By Richard Cowan
WASHINGTON (Reuters) – Ukrainian President Volodymyr Zelenskiy on Wednesday is set to make an urgent appeal to the U.S. Congress for more help in fending off a Russian invasion that has brought death and destruction and sent a wave of refugees fleeing his country.
Zelenskiy’s virtual address to members of the House of Representatives and Senate, scheduled for 9 a.m. EDT (1300 GMT), comes a day after he made a plea to Canada’s parliament for more Western sanctions on Russia and the imposition of a no-fly zone over Ukraine.
A no-fly zone is a step that U.S. President Joe Biden and NATO allies have resisted out of a fear of escalating the war that began with Russia’s Feb. 24 invasion. Biden on Tuesday signed into law $13.6 billion in emergency aid to Ukraine to help it obtain more weaponry and for humanitarian assistance.
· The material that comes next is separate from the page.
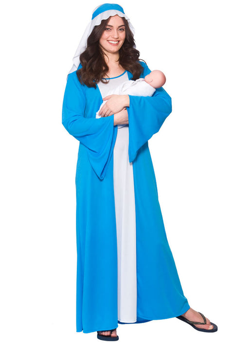 Adult Christmas Nativity Mary costume in two sizes. Includes light blue and white full length dress and headpiece. Baby doll not included. Size ...

Zelenskiy has sought in recent weeks to shore up support for his country in various speeches to foreign audiences, also including the European Parliament and the British Parliament.
Support for Ukraine is a rare instance in which Republicans and Democrats have aligned in a sharply divided Congress, with some lawmakers in both parties urging Biden to go further in helping Ukraine. There is some bipartisan support in Congress for rushing combat aircraft to Ukraine.
Senate Republican Leader Mitch McConnell on Tuesday told reporters he does not expect Zelenskiy to ask for direct U.S. engagement or for a no-fly zone, which could require NATO forces to fire on Russian aircraft.
“But there are a lot of weapons that are extremely effective at controlling the air,” McConnell said, citing warplanes that Poland has offered to provide Ukraine.
The speech will be broadcast live, unlike a private conversation Zelenskiy held on March 5 with U.S. lawmakers during which he made a plea for aircraft to help Ukraine fend off aerial attacks by Russia.
“We are not asking for much. We are asking for justice, for real support,” Zelenskiy told Canadian lawmakers on Tuesday.
The United Nations estimates that around 3 million people have fled Ukraine, mostly women and children, and are seeking safety in neighboring countries, mainly Poland.
Biden has announced a ban on Russian oil and other energy imports and has called for a suspension of Russia’s trading status that affords its exported products lower tariffs in the international arena. The House is attempting to pass legislation responding to Biden’s request this week.
HISTORIC VISITS
It is rare for foreign leaders to address the U.S. Congress during wartime. A famous example came in 1941, when British Prime Minister Winston Churchill spoke to Congress just weeks after Japan’s attack on Pearl Harbor that drew the United States into World War Two. Churchill warned that “many disappointments and unpleasant surprises await us.”
In 2015, Israeli Prime Minister Benjamin Netanyahu delivered a speech to Congress opposing an international deal aimed at discouraging Iran from developing nuclear weapons as the matter was being debated in Washington.
The first foreign leader to address a joint meeting of Congress was King Kalakaua of Hawaii in 1874, before Hawaii became a state.
Following the breakup of the Soviet Union, Russian President Boris Yeltsin in 1992 addressed Congress. Yeltsin’s upbeat speech proclaimed: “We have left behind the period when America and Russia looked at each other through gun sights, ready to pull the trigger at any time.”
But the sanctions leveled by the United States and its allies against Russia following the invasion and moves to shore up Ukraine’s military capability have brought back memories of the decades-long Cold War between the United States and Soviet Union to which Yeltsin had referred.